(EXCERPTED DATA Opens)

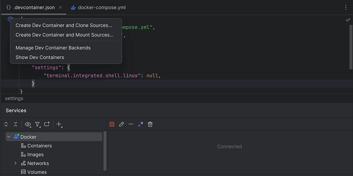 您可以在 Docker 容器中运行和调试应用程序,下载和构建镜像,使用 Docker Compose 运行多容器应用程序等,所有操作均在 IDE 中执行。
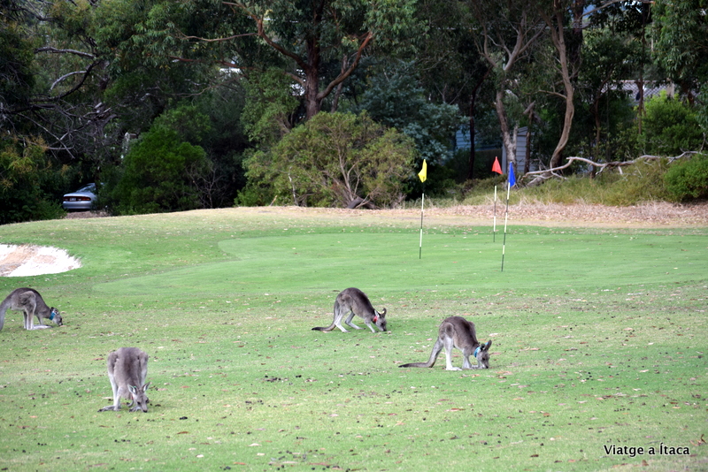Era a Anglesea, on hi ha un camp de golf que te una colònia de cangurs residents que supera el miler. Però només arribar, hi ha uns cartells on t’avisen que no hi entris per fotografiar als cangurs, i tot i que no hi ha gent vigilant i no crec que passes res, doncs ja et treu una mica les ganes la veritat. I tot i que no ens apropem, des de lluny és bastant espectacular veure els cangurs enmig del camp de golf, menjant o estirats a la gespa amb el solet d’última hora de la tarda.
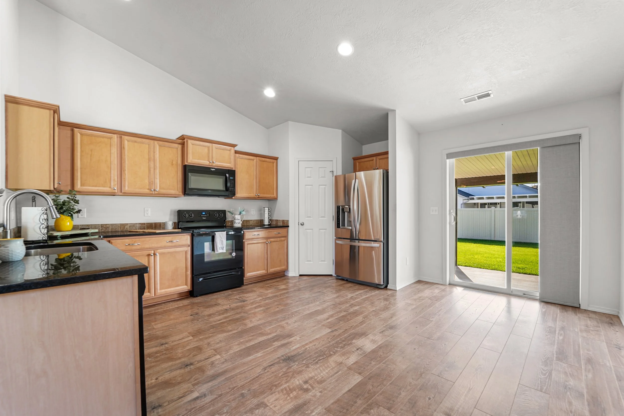 This charming 3-bedroom, 2-bathroom home, built in 2018, blends modern comfort with a bright and inviting design. Step inside to soaring vaulted ceilings and an open layout that creates a spacious feel throughout. The kitchen is a standout with granite countertops, a breakfast bar, and plenty of room to gather. The private master suite offers a walk-in shower and a generous walk-in closet, creating a comfortable retreat. Outside, enjoy a large backyard with a covered patio, perfect for barbecues, relaxing, or entertaining. A welcoming covered front porch adds curb appeal and a cozy spot to unwind. Perfectly located in North Nampa’s Franklin Village subdivision, this home is just steps from Orah Brandt Park, where you’ll find playgrounds, a splash pad, pickleball courts, Frisbee golf, a baseball field, walking paths, and wide open green spaces to enjoy. Don’t miss the chance to own this beautiful home in a prime location.
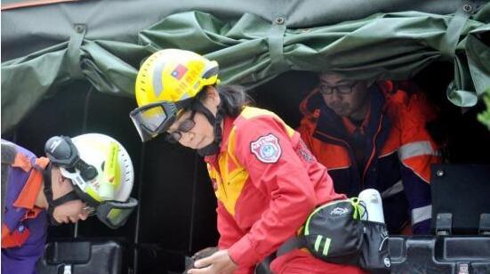 台湾花莲地震最后两名失联人员2月11日上午被证实罹难。图为11日从地震“重灾区”花莲云门翠堤大楼撤离的救援人员。 中新社记者 肖开霖 摄
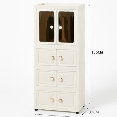 This cabinet features a multi-layer design that provides ample storage for clothing, household items, toys, bedding, and more. The dustproof doors keep your belongings clean and protected, while the transparent top doors make it easy to see stored clothes or accessories at a glance. The smooth magnetic or snap-lock door mechanism ensures effortless opening and closing.
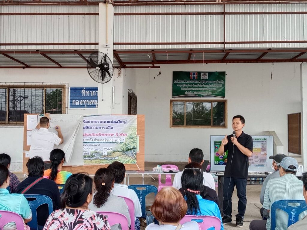 วันที่ 11 มีนาคม 2569 นายพิชิต บุตรดี นักวิชาการส่งเสริมการเกษตรชำนาญการ ศูนย์ขยายพันธุ์พืชที่ 10 จังหวัดอุดรธานี เป็นวิทยากร เรื่อง การบริหารจัดการแปลงมันสำปะหลังอย่างถูกวิธีเพื่อเพิ่มผลผลิต การสร้างมูลค่าเพิ่มจากวัสดุเหลือใช้และสาธิตการทำปุ๋ยสั่งตัดสำหรับการปลูกพืช ลดต้นทุน เพิ่มผลผลิต ในการฝึกอบรมถ่ายทอดความรู้แก่เกษตรกรกลุ่มแปลงใหญ่มันสำปะหลัง หมู่ที่ 2 ตำบลขอนยูง ณ ศาลาประชาคม หมู่ที่ 2 ตำบลขอนยูง อำเภอกุดจับ จังหวัดอุดรธานี ลิงค์เพิ่มเติม
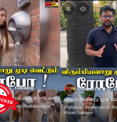 INTRO :சில வினாடிகளில் விரும்பும் ஸ்டைலில் முடி வெட்டும் ரோபோ இயந்திரம் என சமூகவலைத்தளங்களில் ஒரு காணொளி பகிரப்பட்டு வருகின்றமை காணக்கிடைத்தது. குறித்த தகவலின் உண்மைத்தன்மையினை கண்டறிவதற்கு நாம் தேடுதலில் ஈடுபட்ட வேளையில் குறித்த தகவல் போலியானது என ஃபேக்ட்கிரஸண்டோ நிறுவனம் கண்டறிந்துள்ளது. தகவலின்விவரம் (What is the claim): Facebook Link | Archived Link Facebook Link | Archived Link சமூகவலைத்தளங்களில்“ சில வினாடிகளில் விரும்பும் ஸ்டைலில் முடி வெட்டும் ரோபோ இயந்திரம் […]
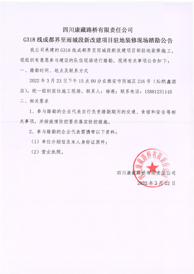 四川康藏路橋有限責任公司G318線成都界至雨城段新改建項目駐地裝修現(xiàn)場踏勘公告
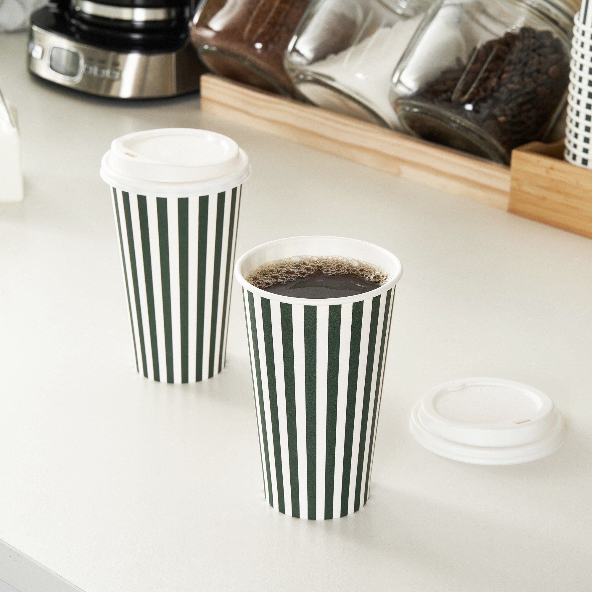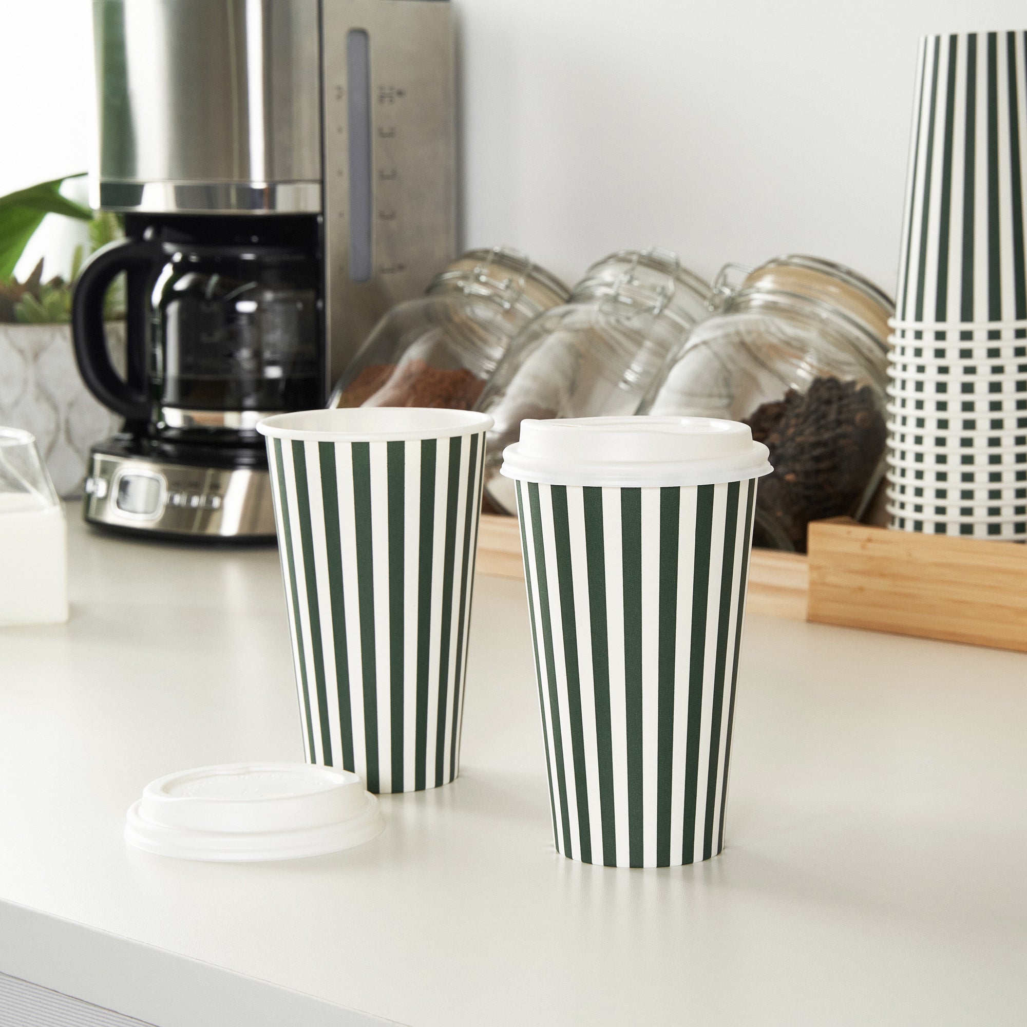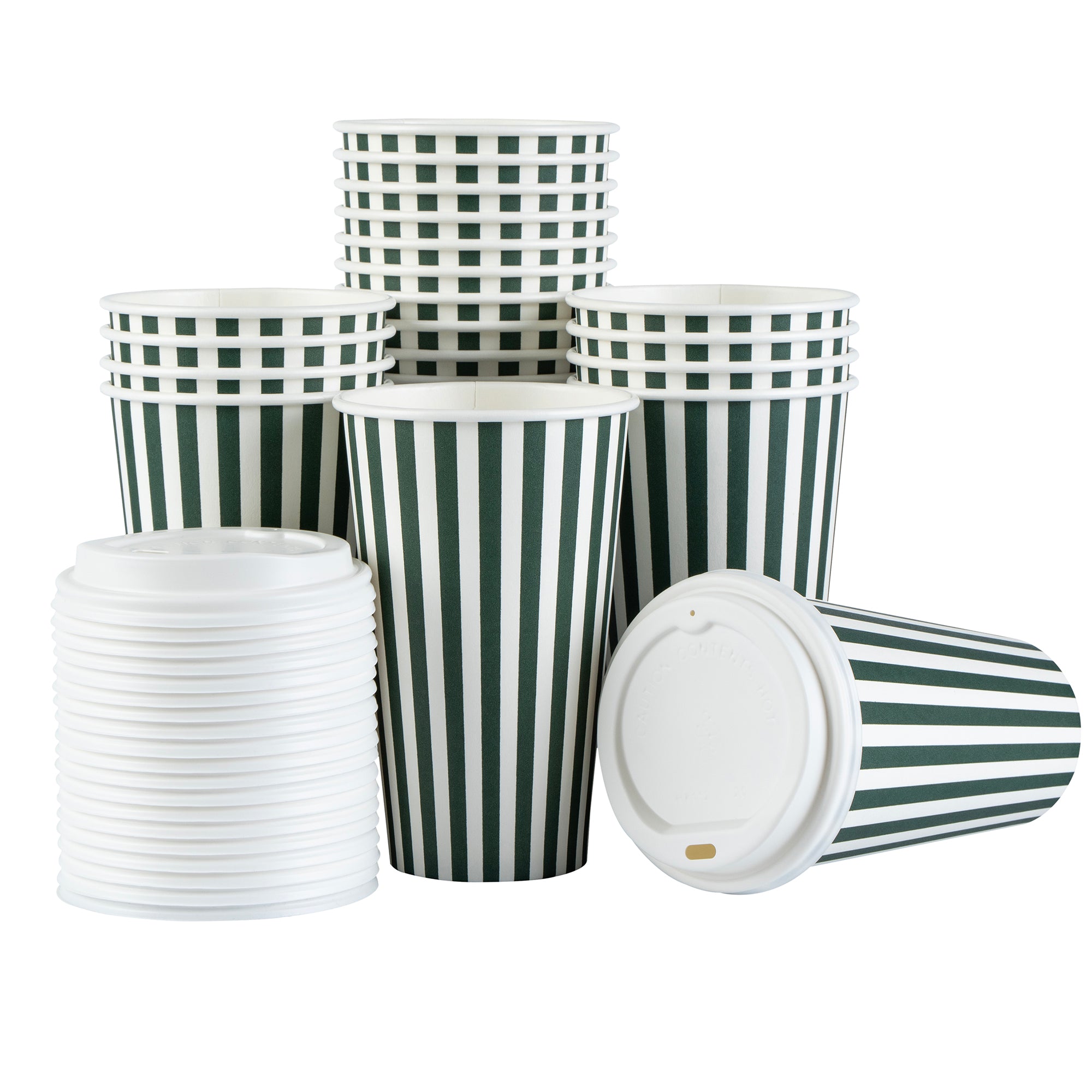 Elevate your beverage service with our Restpresso 16-ounce Forest Green and White Stripe Paper Single Wall Coffee Cups. These paper coffee cups are adorned with an eye-catching forest green and white stripe design, bringing a pop of color and style to your offerings. With their greaseproof feature and PE liner, these disposable hot cups reduce messes, making them perfect for on-the-go customers. Ideal for both hot and cold beverages, these single wall coffee cups offer versatility and convenience for your customers. These coffee cups forest green and white striped finish adds a unique touch to your presentation, ensuring your beverage service stands out. Space-saving and efficient, these stackable cups are a great choice for establishments with limited storage areas. The rolled rim of these single-use coffee cups ensures a snug fit with the included white lid, minimizing leaks and spills during transport. With a leak-resistant seam, these cups provide a reliable solution for your coffee service. These green and white coffee cups boast a capacity of 16 ounces, perfect for serving medium-sized beverages. Pair these elegant coffee cups with our diverse selection of sleeves for a sophisticated and burn-free coffee experience. Measuring 3.5 inches in diameter by 5.75 inches in height, these recyclable hot tea cups are a compact and practical choice for your establishment. Sold in a 20 count box. Sleeves are available and sold separately.
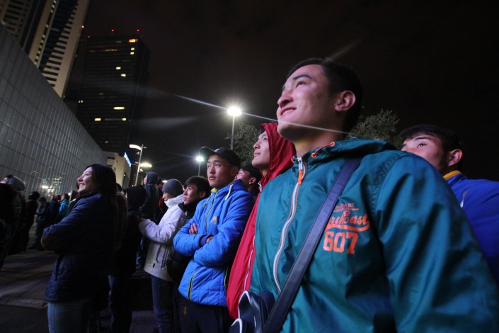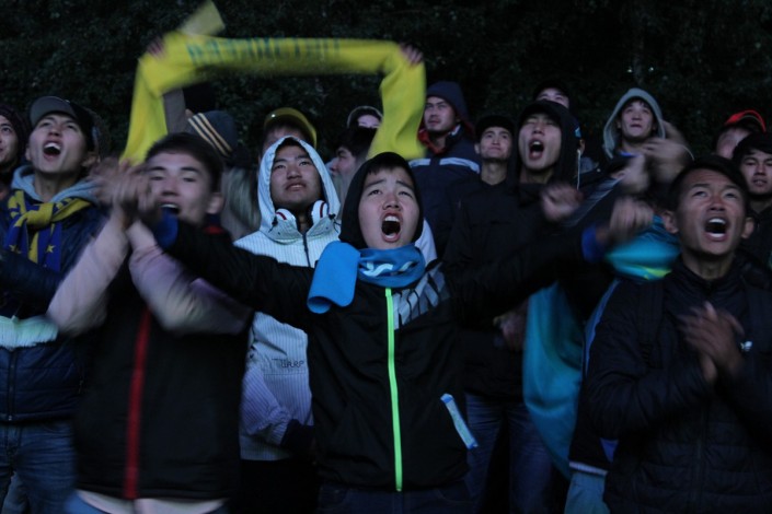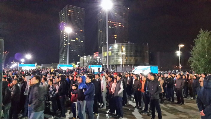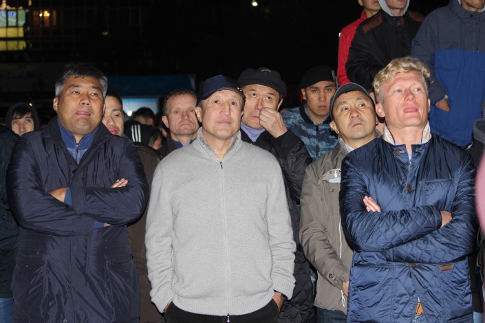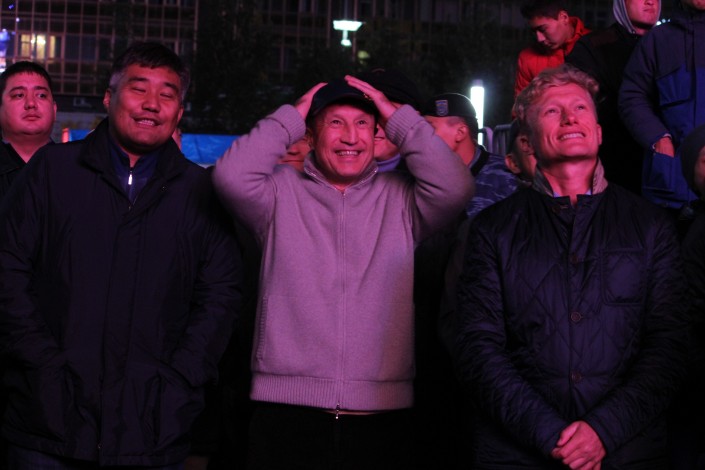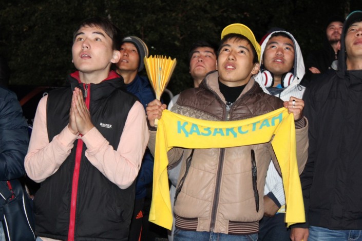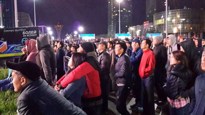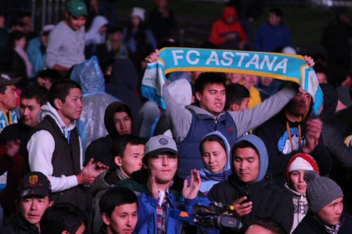 За игрой "Астаны" с кипрским АПОЭЛом столичные фанаты наблюдали на больших экранах "Казмедиацентра". Около трех тысяч болельщиков, несмотря на прохладную погоду и позднее время, собрались, чтобы вместе поддержать своих любимцев. Пришли поддержать команду аким Астаны Адильбек Джаксыбеков, олимпийский чемпион Александр Винокуров и актер Ануар Нурпеисов.

(EXCERPTED DATA Closes)

◆ **WHAT NEEDS TO BE DONE**
Every entry above is to be repeated word for word, with all pictures omitted.

◆ **WRITTEN SOLUTION**
 您可以在 Docker 容器中运行和调试应用程序,下载和构建镜像,使用 Docker Compose 运行多容器应用程序等,所有操作均在 IDE 中执行。
Era a Anglesea, on hi ha un camp de golf que te una colònia de cangurs residents que supera el miler. Però només arribar, hi ha uns cartells on t’avisen que no hi entris per fotografiar als cangurs, i tot i que no hi ha gent vigilant i no crec que passes res, doncs ja et treu una mica les ganes la veritat. I tot i que no ens apropem, des de lluny és bastant espectacular veure els cangurs enmig del camp de golf, menjant o estirats a la gespa amb el solet d’última hora de la tarda.
 This charming 3-bedroom, 2-bathroom home, built in 2018, blends modern comfort with a bright and inviting design. Step inside to soaring vaulted ceilings and an open layout that creates a spacious feel throughout. The kitchen is a standout with granite countertops, a breakfast bar, and plenty of room to gather. The private master suite offers a walk-in shower and a generous walk-in closet, creating a comfortable retreat. Outside, enjoy a large backyard with a covered patio, perfect for barbecues, relaxing, or entertaining. A welcoming covered front porch adds curb appeal and a cozy spot to unwind. Perfectly located in North Nampa’s Franklin Village subdivision, this home is just steps from Orah Brandt Park, where you’ll find playgrounds, a splash pad, pickleball courts, Frisbee golf, a baseball field, walking paths, and wide open green spaces to enjoy. Don’t miss the chance to own this beautiful home in a prime location.
 台湾花莲地震最后两名失联人员2月11日上午被证实罹难。图为11日从地震“重灾区”花莲云门翠堤大楼撤离的救援人员。 中新社记者 肖开霖 摄
 This cabinet features a multi-layer design that provides ample storage for clothing, household items, toys, bedding, and more. The dustproof doors keep your belongings clean and protected, while the transparent top doors make it easy to see stored clothes or accessories at a glance. The smooth magnetic or snap-lock door mechanism ensures effortless opening and closing.
 วันที่ 11 มีนาคม 2569 นายพิชิต บุตรดี นักวิชาการส่งเสริมการเกษตรชำนาญการ ศูนย์ขยายพันธุ์พืชที่ 10 จังหวัดอุดรธานี เป็นวิทยากร เรื่อง การบริหารจัดการแปลงมันสำปะหลังอย่างถูกวิธีเพื่อเพิ่มผลผลิต การสร้างมูลค่าเพิ่มจากวัสดุเหลือใช้และสาธิตการทำปุ๋ยสั่งตัดสำหรับการปลูกพืช ลดต้นทุน เพิ่มผลผลิต ในการฝึกอบรมถ่ายทอดความรู้แก่เกษตรกรกลุ่มแปลงใหญ่มันสำปะหลัง หมู่ที่ 2 ตำบลขอนยูง ณ ศาลาประชาคม หมู่ที่ 2 ตำบลขอนยูง อำเภอกุดจับ จังหวัดอุดรธานี ลิงค์เพิ่มเติม
 INTRO :சில வினாடிகளில் விரும்பும் ஸ்டைலில் முடி வெட்டும் ரோபோ இயந்திரம் என சமூகவலைத்தளங்களில் ஒரு காணொளி பகிரப்பட்டு வருகின்றமை காணக்கிடைத்தது. குறித்த தகவலின் உண்மைத்தன்மையினை கண்டறிவதற்கு நாம் தேடுதலில் ஈடுபட்ட வேளையில் குறித்த தகவல் போலியானது என ஃபேக்ட்கிரஸண்டோ நிறுவனம் கண்டறிந்துள்ளது. தகவலின்விவரம் (What is the claim): Facebook Link | Archived Link Facebook Link | Archived Link சமூகவலைத்தளங்களில்“ சில வினாடிகளில் விரும்பும் ஸ்டைலில் முடி வெட்டும் ரோபோ இயந்திரம் […]
 四川康藏路橋有限責任公司G318線成都界至雨城段新改建項目駐地裝修現(xiàn)場踏勘公告
 Elevate your beverage service with our Restpresso 16-ounce Forest Green and White Stripe Paper Single Wall Coffee Cups. These paper coffee cups are adorned with an eye-catching forest green and white stripe design, bringing a pop of color and style to your offerings. With their greaseproof feature and PE liner, these disposable hot cups reduce messes, making them perfect for on-the-go customers. Ideal for both hot and cold beverages, these single wall coffee cups offer versatility and convenience for your customers. These coffee cups forest green and white striped finish adds a unique touch to your presentation, ensuring your beverage service stands out. Space-saving and efficient, these stackable cups are a great choice for establishments with limited storage areas. The rolled rim of these single-use coffee cups ensures a snug fit with the included white lid, minimizing leaks and spills during transport. With a leak-resistant seam, these cups provide a reliable solution for your coffee service. These green and white coffee cups boast a capacity of 16 ounces, perfect for serving medium-sized beverages. Pair these elegant coffee cups with our diverse selection of sleeves for a sophisticated and burn-free coffee experience. Measuring 3.5 inches in diameter by 5.75 inches in height, these recyclable hot tea cups are a compact and practical choice for your establishment. Sold in a 20 count box. Sleeves are available and sold separately.
 За игрой "Астаны" с кипрским АПОЭЛом столичные фанаты наблюдали на больших экранах "Казмедиацентра". Около трех тысяч болельщиков, несмотря на прохладную погоду и позднее время, собрались, чтобы вместе поддержать своих любимцев. Пришли поддержать команду аким Астаны Адильбек Джаксыбеков, олимпийский чемпион Александр Винокуров и актер Ануар Нурпеисов.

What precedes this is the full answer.